For information on why the specification includes the features it does, please see the Requirements Specification.
Note: The documentation on web services has been moved to the new Web Service page.
A large number of individuals and organizations helped with the initial idea, content, and reviews of this protocol. They include; Jim Graham and Annie Simpson for coordinating and documenting the effort, Jerry Cooper, Bob Morris and Michael Browne for original work on the IASPS documentation which was a starting point for this document; Greg Ruiz and Jim Carlton for their Framework for Vector Science; Pam Fuller, Greg Ruiz, Brian Steves, and Shawn Dalton, for their development of NISBase as the ground breaking work on implementing invasive species data exchange; Michael Browne for facilitating the development of the status categories; Robert Hilliard, Kevin Thiele and Aaron Wilton for assistance in integrating vocabularies, Roger Hyam, Renato De Giovanni, and Markus Doring for help with implementing TAPIR; Donald Hobern and Hannu Saarenmaa for overall guidance, and Liz Sellers, Rob Emery, Jacob Asiedeau, Greg Newman, Catherine Jarnevich, Silvia Ziller, Andrea Grosse, Olivier de Munck, the staff of Invasive Species Specialist Group and the Global Invasive Species Database.
If we have forgotten anyone please let us know!
The protocol has been designed with potential data providers in mind, including, a recognition that these
organizations will tend to have simple, flat databases, with minimal technical resources to modify their
databases to make them available as a web service. At the same time the protocol must perform at high
speeds to allow for both a large number of providers and for providers with very large data sets. The protocol is used by both the file upload and web service capabilities of GISIN.
2.1 Data Models
Below are the "Data Models" or types of data that are supported by the protocol.
SpeciesStatus - SpeciesStatus for a species, in a particular location, at a particular date. This includes data on origin, presence, distribution, abundance, rate of spread, whether the species is harmful.

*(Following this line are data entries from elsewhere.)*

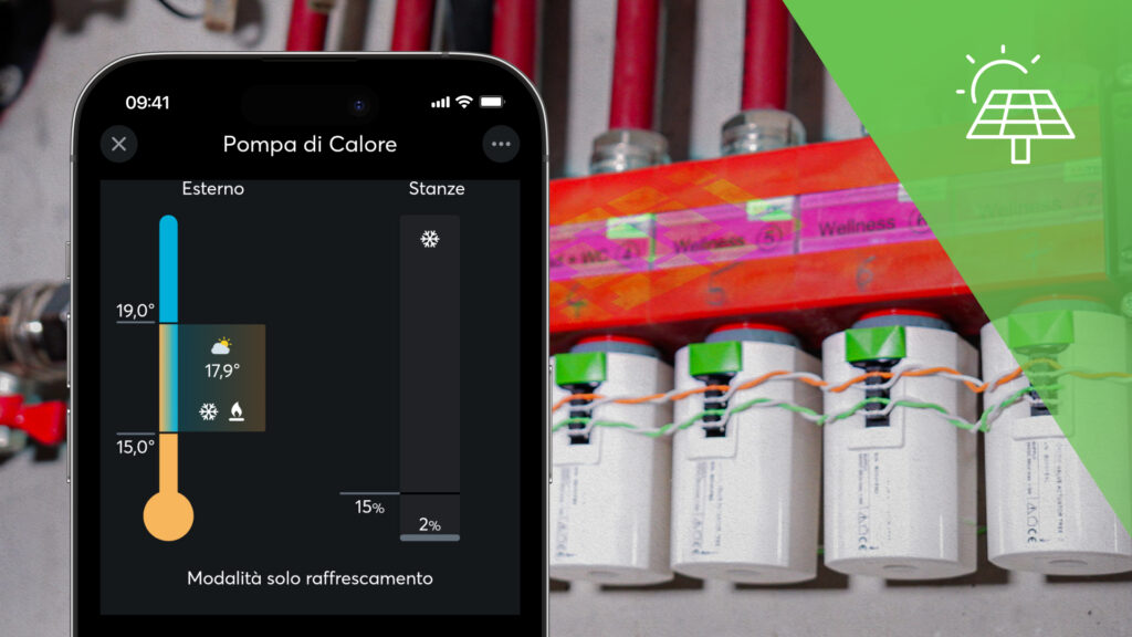 Les climatiseurs split avec fonction pompe à chaleur (air-air) peuvent être contrôlés via AC Control de Loxone. Cela permet d’inclure également ces appareils dans le système de gestion énergétique, avec activation automatique en fonction de la présence, de la température et de la disponibilité de l’énergie solaire.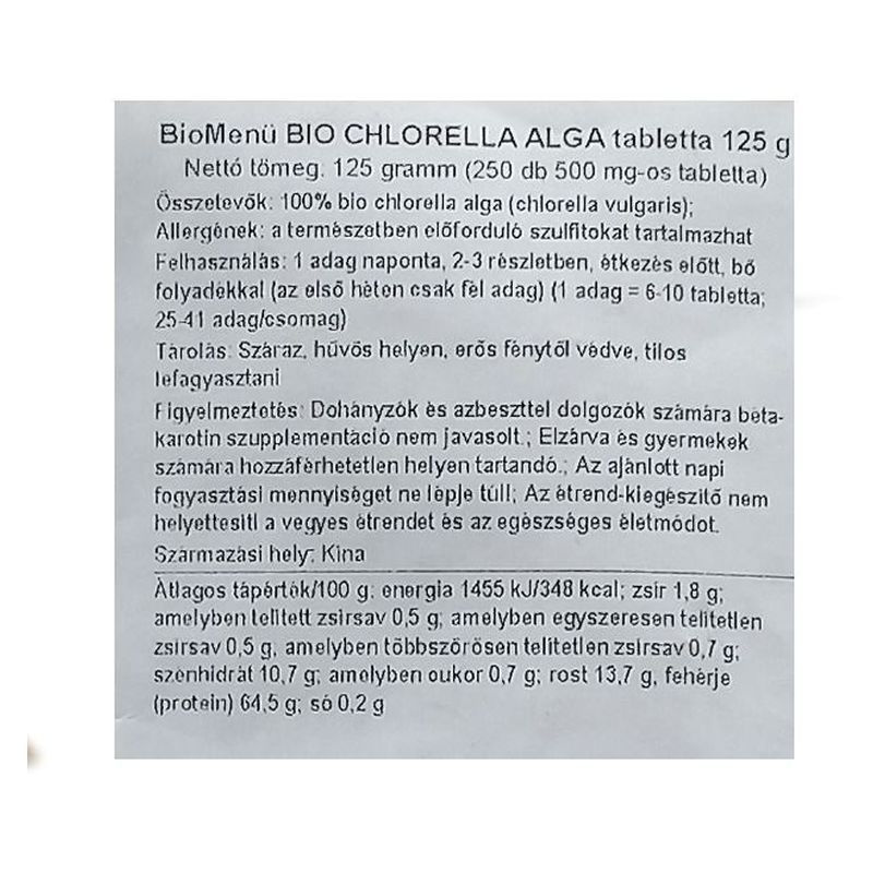 Pozitívan hat a sejtregenerálódásra, valamint a sebek gyógyulási folyamataira, erősíti továbbá a stresszel szembeni ellenálló-képességet és tompítja a testszagokat. A chlorella elsősorban a gyomor, a lép, a vastagbél, a máj, az epehólyag, a szívburok, valamint a három sugárzó energetikai pályáit harmonizálja. A chlorella: tisztítja az emésztőrendszert, elsősorban a vastagbelet, támogatja a hasznos bélmikroflóra kialakulását, javítja a bélműködést. Támogatja a szervezet természetes ellenálló-képességét. Megtisztítja a testet a mérgektől, a nehézfémektől és a kemikáliáktól. Pozitívan befolyásolja a vérképzést, és támogatja a fehérvérsejtek tevékenységét. Rendkívüli hatással van a szövetek regenerálódására. Csökkenti a máj, de a vér koleszterinszintjét is. Tisztítja a vért, éppen ezért kiválóan védi a májat és a vesét. Semlegesíti a szabad gyököket, lelassítja a szervezet öregedésének folyamatát. Fiatalító hatással bír, magas RNA (10%) és DNA (3%) tartalmának köszönhetően. Elősegíti a szervezet teljes regenerálódását. Javítja a bőr minőségét és egészségi állapotát. Minden fontos vitamin, ásványi anyag és aminosav (beleértve az esszenciális, azaz nélkülözhetetlen aminosavakat is) megtalálható benne. Nagy mennyiségben 10-23%-ban tartalmaz CGF-t (Chlorella növekedési tényező), ami a szakértők szerint a Chlorella leghatékonyabb összetevője is egyben. Chlorella használata: az értékes nutritív anyagoknak köszönhetően a Chlorella kiváló, mindennap szedhető táplálék-kiegészítő készítmény. Használata minden redukciós diéta, esetleg vegetáriánus életmód esetében ideális. A gyerekeknél pozitívan hat a megfelelő táplálkozási szokások kialakításakor. Hathatós segítséget nyújthat akné, kiütések, gyulladások, ekcéma, de nehezen gyógyuló felületi sebek vagy sérülések (leforrázás, égés, marás, stb.) gyógyításakor is. Támogatja a hosszantartó stressznek vagy terhelésnek kitett szervezet regenerálódását és lábadozását. Kiválóan alkalmazható a műtéti beavatkozás, illetve bármilyen sugárkezelés után. Javasolt felhasználás, adagolás Egy adag = 6 tabletta. Javasoljuk, hogy naponta 3x2 500mg-os tablettát vegyen be, bő vízzel. A legjobb, ha étkezés előtt fél órával teszi mindezt. Az első hetet csökkentett adaggal kezdje (3-4 tablettát), hogy a méregtelenítési tüneteket minimalizálja. Tárolás: jól zártan, száraz, hűvös helyen, gyermekek számára hozzáférhetetlen módon. Rendelet: ha Ön terhes, szoptat, beteg, vagy gyógyszereket szed, konzultáljon kezelőorvosával, mielőtt bármiféle étrend-kiegészítőt használna! Ha az orvosa nem nyitott az az étrend-kiegészítők alkalmazására, keressen fel egy természetgyógyász szakembert! Az ajánlott napi fogyasztási mennyiséget ne lépje túl! Az étrend-kiegészítő nem helyettesíti a vegyes étrendet és az egészséges életmódot.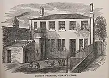 For a year, the two factions worshipped together in Bristo but relations were tense: each used its own collection plate and members of each faction broke into the church to try and change the locks.[22][23][24] During periods of expulsion from Bristo, the Burgher faction met at Carrubber's Close in the Old Town and at Bainfield House, West Fountainbridge.[25] The issue had to be settled by the Court of Session, which, finding the congregation had not been a "body corporate" at the time it purchased its lands in Bristo, ruled that the buildings were legally the property of two Burgher trustees. The Anti-Burgher congregation was thus expelled in January 1753. They founded a new church nearby at Quarry's Close off Crosscauseway.[26][27][28]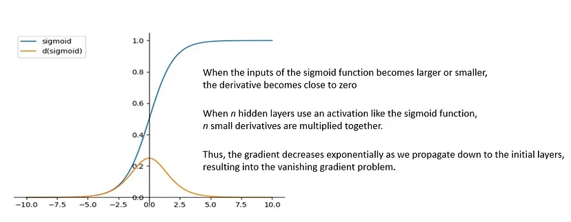 当反向传播多层时,梯度可能会变得非常小,导致训练困难。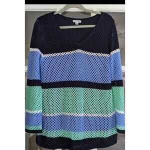 Croft & Barrow Teal Blue Navy Crochet Lined Sweater - XL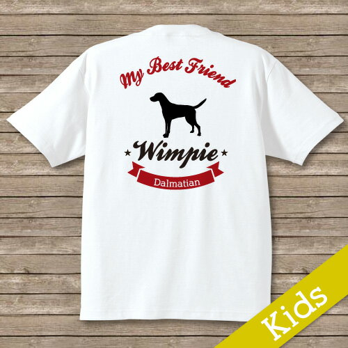 I LOVE DOG 愛犬・ペットのデザインでお名前が入るプリントTシャツ!ダルメシアン キッズサイズ(片面プリント後)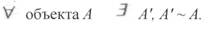 Теперь переформулируем ее: "Для каждого объекта А существует канонический объект А ', такой что А ' эквивалентен А ". На первый взгляд, фраза удлинилась в два раза, но теперь она почти вся состоит из слов, для которых у нас имеются введенные в предыдущих уроках сокращения. В результате ее можно записать:

SpeciesResourceURLs - URLs to web pages with profile information (also known as descriptions or fact-sheets)
Occurrences - Spatial information on species locations at specified dates. The location can be coordinates or location names.
Profile data - Data to profile specific species (i.e. life history, management, identification, etc.)
ImpactStatus - The types of impacts the organism is causing at a specific location
DispersalStatus - The methods of dispersal used by the organism.
ManagementStatus - The management activities engaged for an organism
Pictures - Digital images of species, impacts, and key characteristics (not defined yet)
Note: We broke out ManagementStatus and ImpactStatus from SpeciesStatus when we realized there could be multiple records for ManagementStatus and/or ImpactStatus for a single SpeciesStatus record (i.e. a single species and location). This allows us to keep the Model records flat.
The GISIN protocol was created as an extension to the DarwinCore standard. This standard refers to each of the types of data in a data model as a "concept". Concepts can also be thought of as the labels over the columns in a table or spreadsheet file, or as the fields in a database.
3.1 Common Concepts
The following Concepts are used as fields to identify the Date, Taxonomy, Location, and the Language for text results within the data for all Models.
Should be of the form:
[Authority]/guid/[InstitutionCode]/[CollectionCode]/[CatalogNumber]. The authority should be a recognized GUID authority. The authority will typically provide the InstitutionCode and the CollectionCode. The provider can then determine a CatalogNumber that uniquely identifies each record. If you use GISIN as the authority, please use the InstitutionCode and CollectionCode provided. GISIN GUIDs have the form: gisin.org/guid/[InstitutionCode]/[CollectionCode]/[CatalogNumber].
A globally unique identifier (GUID) for the record that needs to be resolvable and persistent. In other words, only GUIDs provided by a GUID authority should be used, and they must be unique to a particular record. If a record is removed from a dataset, the GUID must not be reused with any other record, ever. Also, if a provider receives data from another provider, they should just use and pass on the original GUID (if provided). However, if the data is modified in some way, the provider should provide a new GUID and cite the original provider in the Citation concept.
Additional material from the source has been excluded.